His touch scorched her.
“Tell me.”
She stared at their entwined hands. She didn’t want to look in his eyes when she revealed her shame. “My mother…I realized what she was when I was nine years old. Before that, I just…I thought she had a lot of boyfriends. That was what she called them, you see. Her boyfriends.”
Mommy’s going out with her boyfriend tonight. You just stay inside and keep the lights turned off. I’ll be back soon.
“She liked drugs and she liked to drink and she needed money…so she got it the only way she could.” Had her mother been different once? Maybe before Jasmine had been born? Long ago, she must have been different.

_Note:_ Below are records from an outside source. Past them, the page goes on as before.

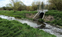 22 kwietnia 2023 , Rzeka Czerniejówka (Lublin). Betonowa obudowa zrzutu ścieków do rzeki z żelazną balustradą ochronną w obrębie stacji wodociągowej Dziesiąta.Skomentuj zdjęcie |
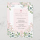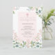 Little pink blossoms and teal-coloured leaves grace this religious invitations for girls. The cross can be dragged to any locations, made larger or smaller ( + - ), or eliminated. The card is easy to customise with your wording, font, font colour and choice of six paper types. Not exactly what you're looking for? All our products can be custom designed to meet your needs at no extra charge. Simply contact us at askpixieprints@aol.com Coordinating products: Soft Pink Floral RSVP Card, Soft Pink Floral Thank You Card
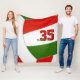This cool volleyball themed fleece blanket features a simple, abstractly oversized red, green and white volleyball that covers the entire blanket - personalise with the athlete's name and jersey number, which are positioned off centre on the blanket - by katz_d_zynes
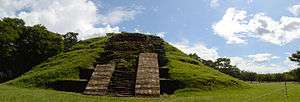 Cihuatán was a very large Mesoamerican city.[2] The city possessed two principal ceremonial centres, known respectively as the Eastern and Western Ceremonial Centres. In 1978 the Western Ceremonial Centre was cleared of vegetation and mapped. Excavations included a cluster of residential buildings that had been hastily abandoned due to fire, resulting in many of the household goods being preserved when the walls collapsed.[4] The ceremonial architecture of the site core is of a pan-Mesoamerican style; outside of the ceremonial groups, the style is distinctively Maya.[2]
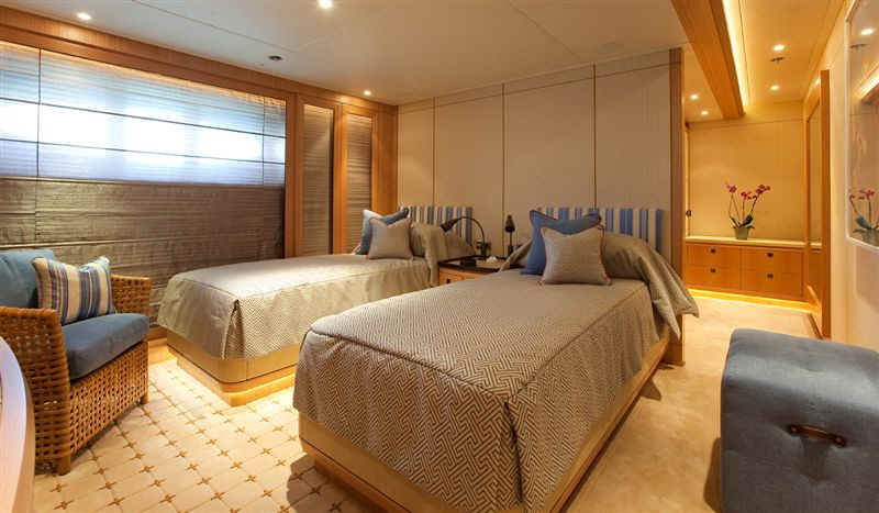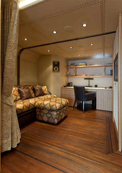 Deck, four grand suites accommodate guests. Two are planned as full doubles of

Drake’s hold tightened on her.
“When I was fifteen, she tried to give me to one of her boyfriends.”
His hold became painful.
“She said she was tired and that he liked me, and it would just make things easier if I…if I…” No, Jasmine would not say it. “I left, and I never looked back.” Her breath whispered out. “Maybe ease that grip a bit?”
“Sorry.” He immediately lightened his hold. Then he brought her hand up to his lips. Kissed her wrist. Her palm.

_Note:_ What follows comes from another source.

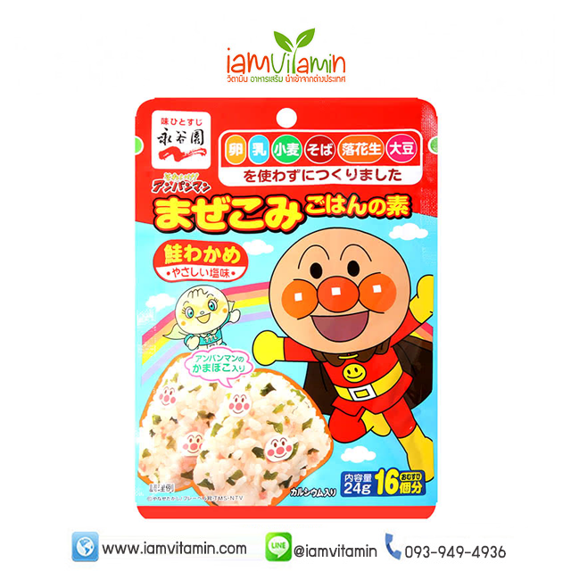 ผงโรยข้าว อันปังแมน จากญี่ปุ่น รสปลาแซลมอน สาหร่ายวาคาเมะ Anpanman Mazekomi Rice No Salmon 24g สำหรับเด็กหรือที่แพ้อาหารง่าย เป็นผงโรยผสมที่ไม่ได้ใช้ “ไข่, นม, ข้าวสาลี, วีท, ถั่วลิสง, ถั่วเหลือง” ใช้จากสาหร่ายและปลาแซลมอน และมีรสชาติที่อ่อนโยน (รสเค็มเล็กน้อย) มีแคลเซียมซึ่งเป็นสิ่งที่ดีสำหรับการเจริญเติบโตของเด็ก

Jasmine could only stare at him. “That wasn’t how you were supposed to react.”
He looked up at her.
“I’m the daughter of a drugged out prostitute. She overdosed a week after I left her. She died and they found her naked and alone in that trailer park.” She shoved back the pain. “You’re not supposed to react this way. You’re not supposed to just sit there and stare up at me and—”
He kissed her hand again. “The first time we talked, I realized how strong you were. I thought you might just be the strongest woman I’d ever met.”
She shook her head. She wasn’t strong. She was weak. A—
“You should see what I see,” he told her, tilting back his head. “When I look at you.”
“A liar and a thief.” She already knew what he saw.
“No.” He pulled her down, and Jasmine sprawled over his lap. “I see a beautiful, smart, strong woman who needs to believe in herself. Life’s been hard, damn brutal to you, but you’ve survived.”
He was making her heart hurt. “Like life hasn’t been brutal to you?”
“We all have our scars.” His thumb moved lightly along the inner column of her wrist. Jasmine knew he had to feel her racing pulse.
Yes, they did have their scars. “When I was a little girl, I wanted another life. Any other life but the one I had. I would dream of starting some place new. A new name. A new past.” She swallowed. “A new future.”
“Is that why you’re still running? Because you want that new life?”
Her lashes lowered. “Sometimes it doesn’t matter how long or hard you run, there’s no escaping the past.”
“Don’t I know it? You can’t even bury that shit sometimes.”
Her gaze jerked back up to his. “Is that what you want to do? Bury your past? Forget about Anna Jean?”
“Her blood will always be on my hands.” His voice roughened. “I hate what I did. I hate that I got drunk and screwed my friend’s girl. Tucker and I…we were close and that destroyed him. Tucker mattered to me. Tucker, Noah, and Trace—they were my family after my mother and grandfather died. And I wound up hurting them all because I couldn’t keep my pants zipped.”
“Drake…”
“She was the only woman who ever got close to me. She looked at me and lied, and I didn’t even realize it.” He paused. Studied her with a hard gaze. “I know when you lie, but the problem is…I don’t seem to care.”
She needed to pull away. Instead, she leaned in closer.
Their lips were almost touching.
“Why do you stare at Noah York and look as if you’re losing your whole world?”
His question sank into her, nearly piercing her heart. Too late, she did try to pull away, but there was no place to go.
“I won’t betray my friends. Not ever again,” he vowed. “There’s something there, between you and Noah. He doesn’t remember you—”
“Why should he? We never met.” He was the lucky one.